Three Naming Rules For SEO Success

Four years ago, I wrote an article for car magazine Top Gear NZ about how cars get named. To research it, I interviewed William Lozito, who was president of a company called Strategic Name Development (bonus points if you can guess what they do). SND had done research on the connotations people have with every letter of the alphabet:

"X and Z are the holy grails of consonants," says William. "They are perceived as innovative, masculine, and complex. Whether they always had that reputation or whether they achieved it through innovative products carrying those letters, I couldn't tell you -- it's a bit of a chicken and egg situation.

"L, F, W and V, on the other hand, are considered to be feminine letters, which makes sense if you think about it: L for Lady, F for Female, W for Woman..." he trailed off, leaving me to wonder what V could possibly stand for.

With cars, those connotations are critical -- but online, other considerations have become even more important. I'm the chief marketing officer for a virtual world for kids called MiniMonos, and the process we went through to come up with a name is relevant to anyone creating a new online brand.

We were originally going to call the company MonkeyFun: straightforward, self-evident, and as explicit as, well, Strategic Name Development. In what seemed like a setback at the time, but what actually turned out to be a huge positive for us, the owner of refused to sell.

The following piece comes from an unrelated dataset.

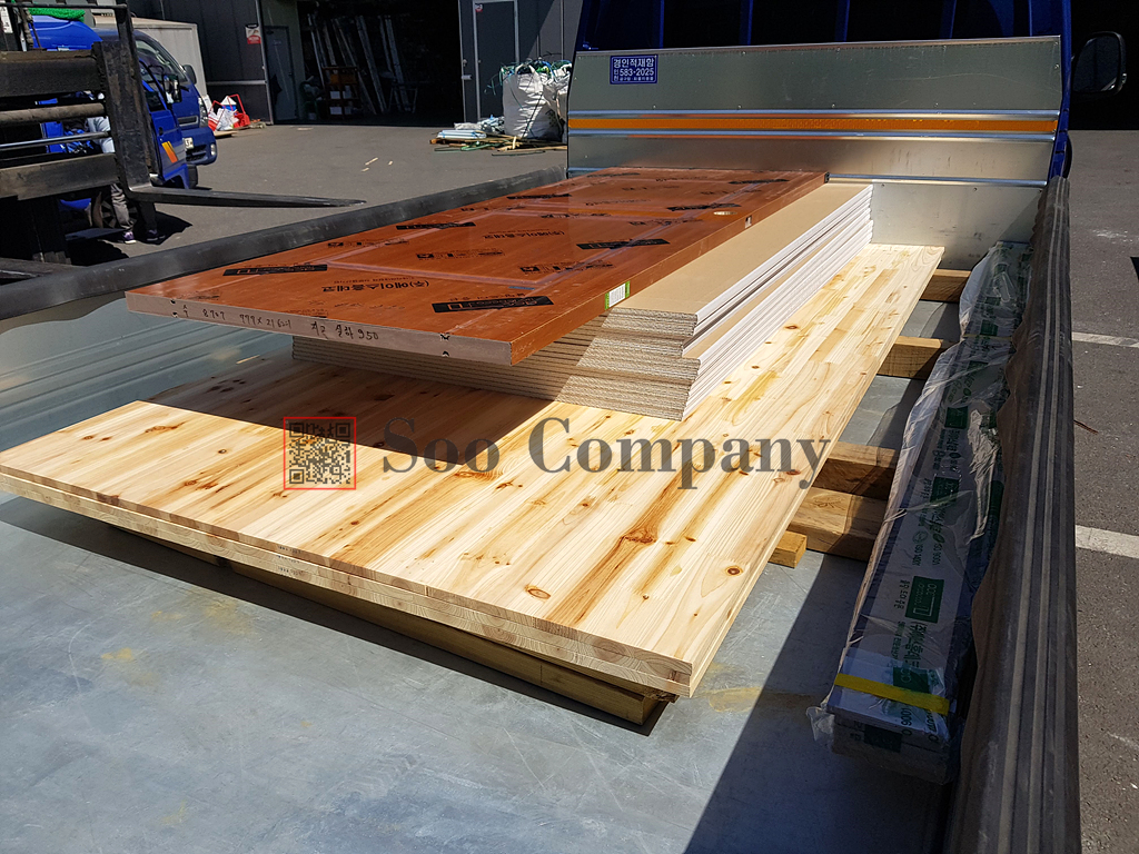 용달차에 상차가 완료되었습니다. 삼나무집성판과 석고보드 그리고 도어가 보이는군요! 삼나무집성판의 경우에는 연질의 집성목으로, 탑핑거조인트와 솔리드 제품이 나오며, 연질이고 히노끼와 비슷한 향이 나는것이 특징입니다. 유절제품으로 출고가 진행되며, 두께별로 단가의 경우에는 유선으로 문의주시기 바랍니다.

So we tried alternatives. I spent days on GoDaddy checking name availability: MonkeyIsland, FunMonkeys, MonkeyWorld, World'o'Monkeys, MonkeyRama, Monkeylicious... it went on and on. None of the domains we liked were available, and none of the available domains sounded interesting or exciting to us.

I'd love to tell you that an expert like William advised us about MiniMonos, but the truth is we stumbled on it; "MiniMonos" means "Little Monkeys" in Spanish. In one of our hundreds of iterations we gave it a go, it was available, we all liked it, and it stuck.

In retrospect, our choice of name proved to be an unanticipated SEO asset. Here are three lessons we learned about choosing a new brand name in a digital world:

1. Use unique strings. If you run a Google search for "monkey fun," you'll find almost 20 million results, referring to almost as many distinct topics or websites. If you do a search for "minimonos," you'll find us, plus one or two references to speakers (evidently small, or "mini", mono speakers are the opposite of large stereo speakers).

2. Use memorable strings, or own the adjacent landscape. "Google" is an easily memorable string. "Foursquare" is an easily memorable string. "Twitter" is an easily memorable string.

"MiniMonos" probably isn't quite so easy. In addition, we deal with kids, who often struggle to spell normal words. But because our chosen name wasn't close enough to any other name to create confusion, we've also managed to stake our claim on the adjacent search landscape: "mimimomo," "monimini," etc.

3. Make your name phonetic. Really, Nissan? "Qashqai"? What were you thinking? At least Volkswagen had the good grace to build their whole ad campaign over how difficult it was to pronounce "Touareg" (even the guys at Club Touareg had a hard time with it).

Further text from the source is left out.